Unacknowledged Bodily Autonomy in the Reproductive Rights Debate

(The following was my response to a comment on Facebook about how people calling themselves pro-life view abortion as murder, the same as if a woman shot and killed her husband. I disagree with that analogy on many levels. I owe some hat-tips to a few people for some of the ideas expressed here. I’ll try to update if I can find those posts.)

Except that, in your hypothetical, it’s probably safe to assume that the woman’s husband was not physically occupying space inside her abdomen (no sex jokes, please). I understand that people think abortion is murder–I think they’re wrong, and I don’t think that simply calling it murder ends the conversation. The problem with calling it murder in a way that makes it equivalent to killing a separate, autonomous human being for whatever reason is this: if you are experiencing kidney failure, and I am the only known person on earth who is a match to you, no one can legally force me to give you one of my kidneys, whatever the medical consequences for you or the social consequences for me. The same goes for a blood transfusion or any other use of any part of my body. If I am brain-dead, but my kidney is viable for organ donation, no one can take my kidney unless I consented to be an organ donor. In short, I have complete and utter legal authority and control over how to use my body, even if it means that someone else dies.
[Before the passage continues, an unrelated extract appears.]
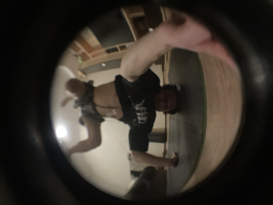 A person performs a headstand on a green mat, as viewed through a fisheye lens. They wear a black t-shirt and shorts with a patterned top. The background reveals a room with light walls, wood paneling near the ceiling, and a glimpse of furniture. The fisheye effect distorts the perspective, creating a circular frame and exaggerating the angles.

The alternative is that I could be forcibly anesthetized for kidney removal, resulting in a possible lifetime of medical complications against my will. From a legal standpoint, it doesn’t matter why I refuse to consent to organ donation. Calling abortion murder as though it is merely a decision to end the life of another person (and I disagree that an embryo or fetus is a person in that sense, but that’s a slightly different topic) ignores completely the fact that said embryo or fetus is occupying space inside another person’s body. No one can be compelled to donate a kidney, and no one can be compelled to give up their body for an embryo or fetus. Otherwise, a corpse has more bodily autonomy than a living pregnant person.
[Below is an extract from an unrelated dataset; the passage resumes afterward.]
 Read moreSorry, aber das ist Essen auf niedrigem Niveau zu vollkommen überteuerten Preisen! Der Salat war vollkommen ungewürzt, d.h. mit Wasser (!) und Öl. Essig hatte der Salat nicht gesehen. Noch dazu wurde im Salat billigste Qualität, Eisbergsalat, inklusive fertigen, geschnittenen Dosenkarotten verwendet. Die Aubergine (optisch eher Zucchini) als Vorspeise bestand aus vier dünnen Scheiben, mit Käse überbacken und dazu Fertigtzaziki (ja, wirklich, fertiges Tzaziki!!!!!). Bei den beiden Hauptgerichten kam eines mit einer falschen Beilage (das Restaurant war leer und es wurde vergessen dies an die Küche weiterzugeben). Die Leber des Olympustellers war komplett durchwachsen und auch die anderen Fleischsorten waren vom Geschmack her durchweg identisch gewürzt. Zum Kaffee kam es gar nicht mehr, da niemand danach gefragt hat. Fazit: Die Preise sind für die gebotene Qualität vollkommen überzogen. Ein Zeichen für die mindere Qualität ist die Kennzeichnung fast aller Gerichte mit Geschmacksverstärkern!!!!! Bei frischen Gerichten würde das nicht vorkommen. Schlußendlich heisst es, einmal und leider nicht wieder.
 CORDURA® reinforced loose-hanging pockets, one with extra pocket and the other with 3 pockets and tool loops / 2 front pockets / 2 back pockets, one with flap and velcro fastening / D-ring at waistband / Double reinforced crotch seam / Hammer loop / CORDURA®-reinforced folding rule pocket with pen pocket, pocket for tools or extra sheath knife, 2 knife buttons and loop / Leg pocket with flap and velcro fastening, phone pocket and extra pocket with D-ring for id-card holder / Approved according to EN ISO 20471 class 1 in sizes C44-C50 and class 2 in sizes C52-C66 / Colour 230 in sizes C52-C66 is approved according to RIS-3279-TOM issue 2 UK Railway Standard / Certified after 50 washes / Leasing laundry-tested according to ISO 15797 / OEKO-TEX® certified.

Now, at this point, the conversation usually (not always) turns to the circumstances of the pregnancy–i.e. the woman (or transgender man, or genderfluid person, and so forth) had sex, knowing that pregnancy is a possible result, etc. etc. The problem there is that you don’t know, unless you investigate the circumstances of the pregnancy, whether it was the result of willful sexual conduct or not, and even if it were not the result of voluntary behavior (e.g. rape), so what? You already said that you believe a fetus is a person with the right to life and so forth, so it shouldn’t make a difference how the pregnancy occurred. It’s just that telling a rape victim that they have to endure the multitude of difficulties presented by pregnancy seems morally abhorrent to many people. That shouldn’t matter if you truly believe what you originally said–so we come back to the beginning, and still have to contend with the fact that the pregnant person has bodily autonomy that still has not been recognized.

There are other arguments too, such as a right of self-defense if a pregnancy threatens someone’s health, but it still comes down to the right to bodily autonomy. Whatever you believe about an embryo’s or fetus’ rights, a separate, living, breathing human being–who was viewed as such up until the moment their pregnancy was discovered–is sitting right there, being ignored.